What this task involves
With the images removed, repeat the data below exactly.

Data section
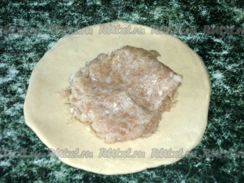 В центр каждого кружка выложить 1-1,5 столовых ложки фарша.
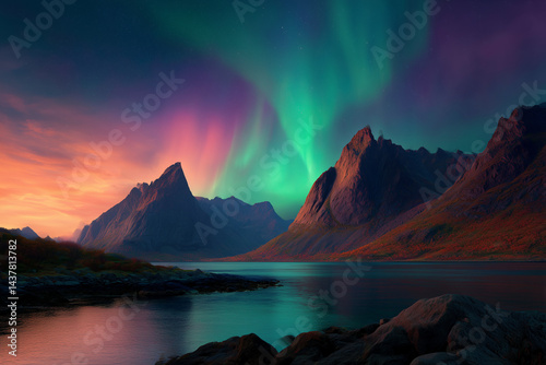 Breathtaking landscape of mountains with vibrant auroras in the sky, surreal colors, fantasy vibes, and UHD details.
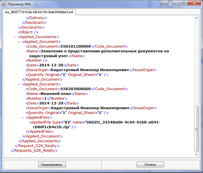 При выборе ZIP-пакета Межевого плана программа проверит его на соответствие схеме V04_STD_MP утвержденной Приказом Росреестра от 25.06.2013 № П/237. А так же каким Кадастровым инженером выполнен Межевой план и выполнен ли он в связи с образованием земельного участка (земельных участков). При успешной проверке ZIP-пакета в поле "Файл документа" появится путь к данному ZIP-пакету. Далее нажимаем кнопку "XML". Программа сформирует XML-файл Заявления в соответствии со актуальной схемой и отобразит его в окне "Просмотр XML".

Answer to this exercise
 В центр каждого кружка выложить 1-1,5 столовых ложки фарша.
 Breathtaking landscape of mountains with vibrant auroras in the sky, surreal colors, fantasy vibes, and UHD details.
 При выборе ZIP-пакета Межевого плана программа проверит его на соответствие схеме V04_STD_MP утвержденной Приказом Росреестра от 25.06.2013 № П/237. А так же каким Кадастровым инженером выполнен Межевой план и выполнен ли он в связи с образованием земельного участка (земельных участков). При успешной проверке ZIP-пакета в поле "Файл документа" появится путь к данному ZIP-пакету. Далее нажимаем кнопку "XML". Программа сформирует XML-файл Заявления в соответствии со актуальной схемой и отобразит его в окне "Просмотр XML".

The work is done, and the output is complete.